Following him in the direction of the Blackfriars water-stairs, Ned sees the man turn left into a narrow alley connecting Water Lane with St Andrew’s Hill. He hangs back, only daring to enter when he’s sure the coast is clear. Reaching the end of the now-empty cut, he looks to his right towards the river. He sees no sign of the fluted top of a stone jar swaying above the other heads. He looks left, up St Andrew’s Hill. Within a moment he has the man in sight again. Ned resumes his quiet pursuit.

He knows he sticks out like a performing bear. If the man spots him, his only hope will be to catch him before he drops the jar and runs. And a shattered jar spilling its contents over the street and around everyone’s feet will be an effective barrier, even to legs as sturdy as Ned Monkton’s.

After barely a hundred yards the man stops outside a narrow, unremarkable timbered house in a row of five, set between the church of St Andrew of the Wardrobe and Carter Lane. Ned steps briskly into the shade of the overhang of the building opposite. He has nothing to rely on for cover, other than the people passing by. Wishing for once he was half the man that God had chosen to make him, he gets glimpses of the fellow hoisting the jar into a more comfortable position and rummaging in the pocket of his jerkin with his free hand for a key. A cart piled high with thatcher’s reeds rumbles past. When it has gone, the man with the jar has vanished inside.

His heart pounding, Ned Monkton makes a careful study of the lane, so that he can identify the correct house on his return. Then he goes back to the Hanging Sword.

When he walks in, he gets the reaction he’s become accustomed to whenever he enters an unfamiliar tavern: some customers turn their glances hurriedly away, while others – he can see it in their eyes – weigh up the odds of making their reputation as a slayer of giants.

‘There was a little bald fellow in ’ere a moment ago – I believe you sold him a flagon,’ he says as peaceably as he can to the young taproom boy who stares at his bulk with ill-disguised fear. Then, seizing on the first thing that comes into his head, ‘I ’ave a message for him, but I don’t know his name.’

The taproom lad – too scared of the fiery countenance glaring down at him to wonder why someone would tell you to deliver a message, but fail to give you the name of the recipient – says, ‘You’re speaking of Master Ditworth? Is the message for him or his master?’

‘His master?’ Ned says, sensing a veil being lifted.

‘Aye, Sir Fulke Vaesy,’ the taproom lad says, gaining a little courage, now that it appears this newcomer isn’t planning to crush the life out of him with one immense hand. ‘But if it’s physic you’re after, I’d take your message elsewhere. No one around here would trust that rogue to cure a flitch of bacon.’

‘Vaesy… Vaesy?’ says Rose, looking up. She has spent Ned’s absence checking the accounts for the rebuilding of the Jackdaw. ‘Wasn’t he that professor of anatomy Master Nicholas ’ad a run-in with, a few years back?’
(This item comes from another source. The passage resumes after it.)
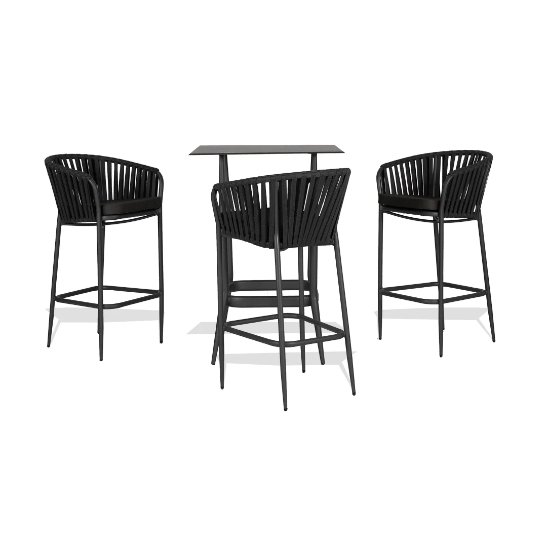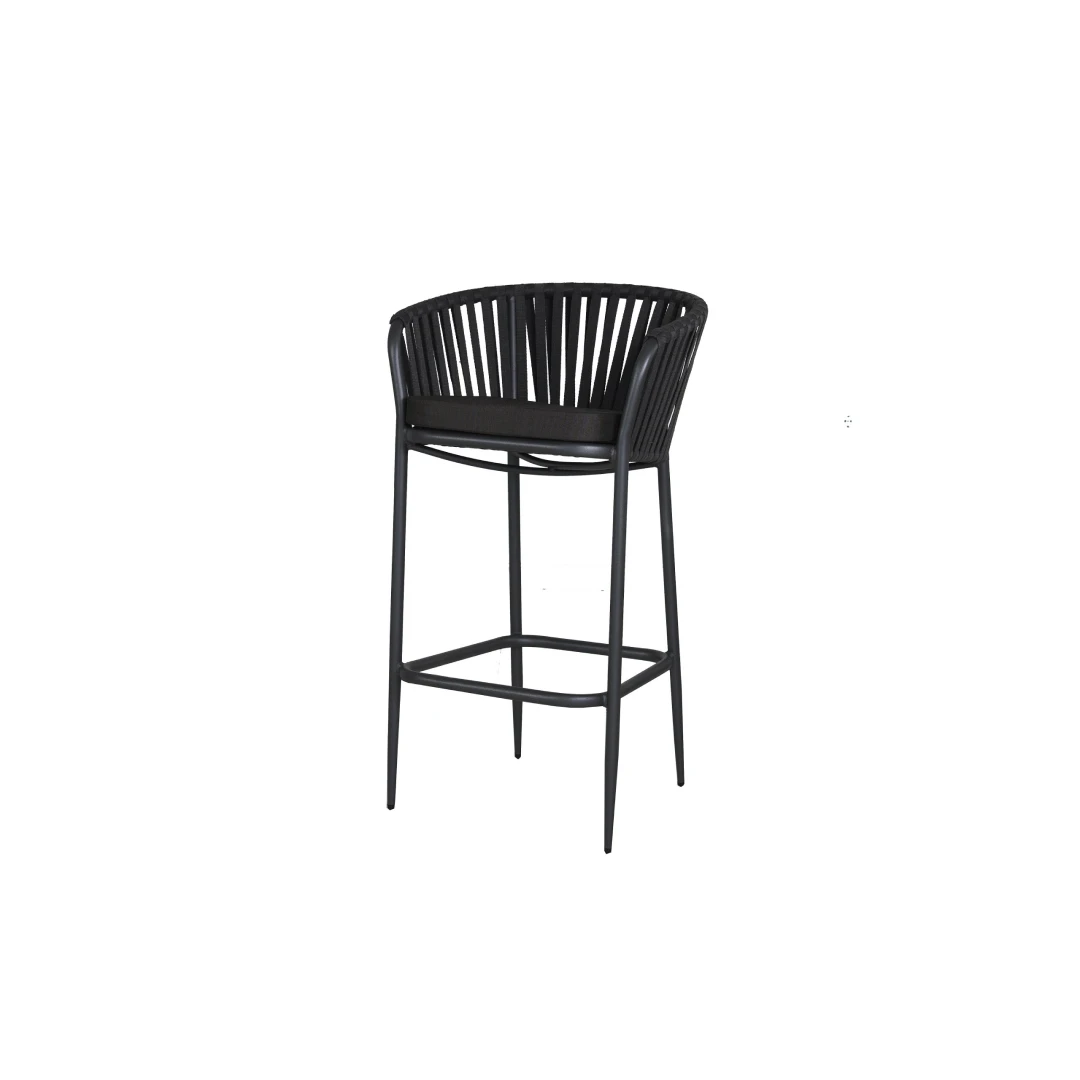 Einfach und bequem – der Barhocker Darya ist ein Klassiker der Kollektion aus Kunststofffasern. Seit Jahren bewährt er sich auf verschiedensten Terrassen mit hoher Sitzgelegenheit und fügt sich dabei mühelos in jedes Ambiente ein.

‘The very same,’ Ned tells her, unlacing his boots. He can smell pottage stewing in the hearth. What good fortune to have such a wife as this, he thinks. There cannot be many husbands on Bankside whose women can cook and read. He wonders if he dares ask her to teach him how to make sense of all the incomprehensible scrawls on the papers laid out before her. ‘It was the year we had all those murders,’ he adds. ‘I remember Master Nicholas telling me he’d studied under Vaesy – that Vaesy had lost his place with the College of Physicians because he hadn’t seen the signs of foul play on the bodies that Nicholas had. An’ there was that scandal with his wife, as well. From what they told me at the Hanging Sword, Vaesy’s been reduced to little better than a pox doctor.’

‘An’ you think he was the author of the false letters?’

‘Why else would he ’ave sent his little arseworm over here to see what had happened to Master Nicholas? Looks to me like Vaesy has finally decided to be revenged for his fall.’

‘But how can you be sure?’

‘I’ll ’ave to ask him, won’t I?’

To Ned Monkton, Rose has always shone with a bucolic light. If verdant fields and plump rolling hills bathed in sunlight could ever be made flesh, his wife’s face is the very model. But now, as he looks at her proudly, he sees the warmth drain out and the fear rush in.